Things in Italian got better. Sr. Tedeschi had stopped me in the hallway one day and said “You’ve got an Italian last name.” He made a show of sort of squinting before announcing “You don’t look Italian.” After that, I knew he was a jerk and stopped trying to impress him. For his part he stopped paying attention to me and just gave me ‘B’s on everything. I still spent a lot of time on the homework and studying for tests, but my interest had gone far beyond the class. I had begun to consider the possibility of going to Italy. I had bought this anthology of Italian American writing and even though it was mostly about Brooklyn, it made me want to see the Lazio and Reggio di Calabria the writers talked about in an ardent but uncertain way. Italy started to feel familiar, like a trip I’d been planning a long time. I thought about myself getting off the plane and kissing the ground outside Fiumicino. When I walked home from classes, I walked along the Tiber instead of the Red Ceder. I checked out opera cds from the library and tried to listen to them. I bought an ‘Everybody Loves and Italian Boy’ shirt, but couldn’t work up the nerve to wear it. And, as is so easy when you’re young, I allowed a budding interest to become part of my personality.

Mid-way through April, the rains became less frequent. The sodden green lawns dried out and people started to come back outside. My friend Dan was getting married in a few weeks and we had decided to throw a party at the house with all these bands. It was supposed to be his bachelor party, but it really just an excuse for a show. The semester was almost over and everyone needed a break. I hadn’t seen anyone out on the porch across the street in days, even though the weather was nice. In my own house, everyone was locked in their room, studying. I was down at the diner nearly every evening working on another paper, trying to extract some insight from my mind that was becoming increasingly focused on going to Italy and less concerned with smoking and with who I’d been before.

I studied hard for the final and Sr. Tedeschi was forced to give me a 3.5. He made some quip when I handed him my exam. It was meant to be friendly. I found myself thanking him. I wasn’t sure what for. I went down the hallway whistling. Sara had finished her exam before me. I’d looked up from my paper to watch her go, comforted by the idea that maybe we’d run into each other in Italy some day. I knew it was ridiculous, but the fragrant spring air only made it seem all more plausible.

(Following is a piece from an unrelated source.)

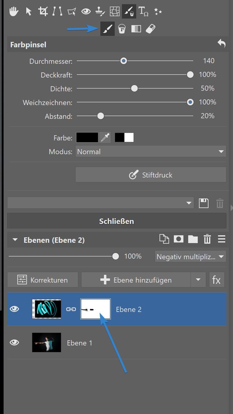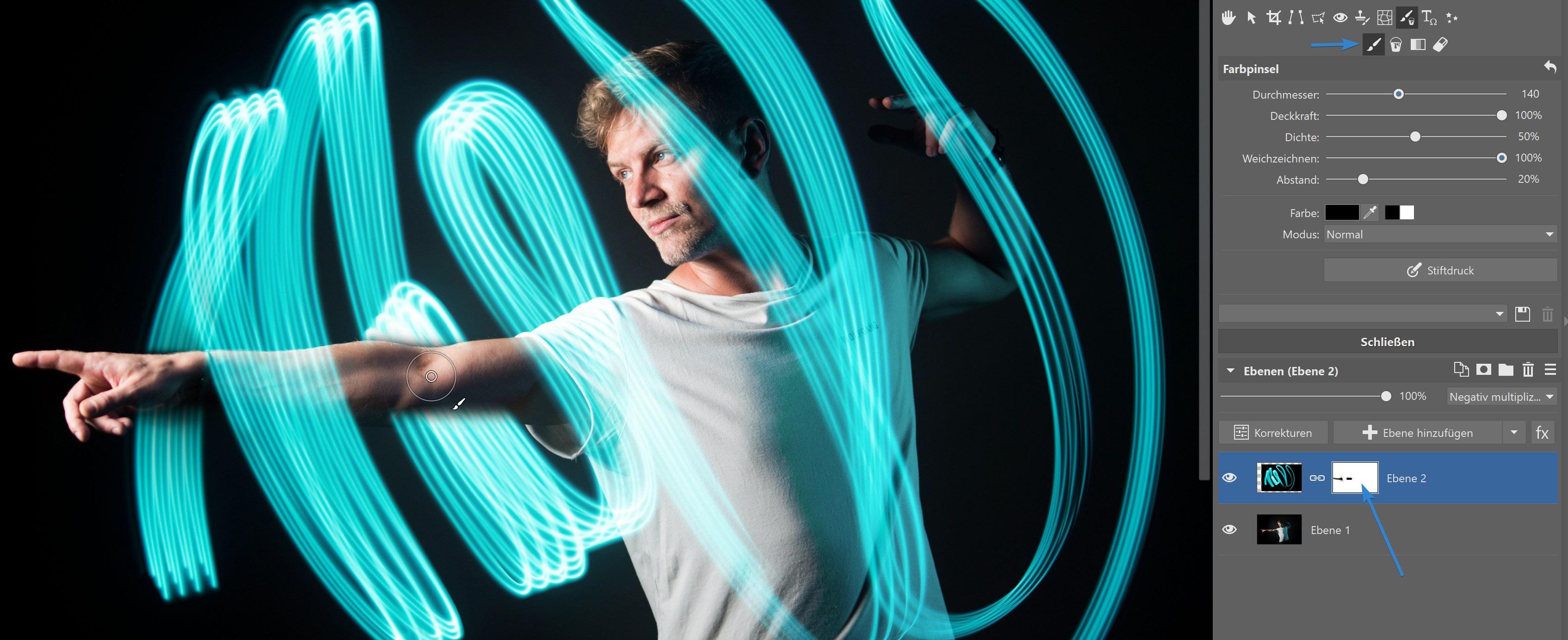 das Pinselwerkzeug, stellen Sie es auf einen höheren Weichzeichnerwert und Schwarz ein und malen Sie in die Maske, damit einige Teile hinter dem Model liegen. Wechseln Sie nach und nach zwischen dem schwarzen und dem weißen Pinsel, um die Effekte so realistisch wie möglich zu gestalten.

I crossed campus entertaining a number of romantic scenarios in which Sara and I met in a cafe in Italy. In each, I was totally transformed into an Italian speaker and blended into the background so well, it took her a while to notice me. I imagined excusing myself from the company of my boisterous but good-natured Italian friends and our espressos with a ‘mi scusi’ and then calmly going over to the corner seat where she sat in total comprehension and appreciation of my situation. I’d expertly order her a coffee and we’d laugh at Sr. Tedeschi together. Poor bastard had probably never even been to Italy.

I crossed campus with these thoughts and went into the library, where it was easy to keep the fantasy going, climbed the stairs and imagined how Sara and I would walk the gas-lit streets of some Renaissance capital, arm-in-arm. I wandered the third-floor stacks with my eyes half-closed imagining crossing medieval bridges in the moonlight while the water sloshed gently through the Venetian canals, but my imagination was starting to bump up against the task of finding something to read and the vision faded until it was nothing more than a lingering feeling of contentment.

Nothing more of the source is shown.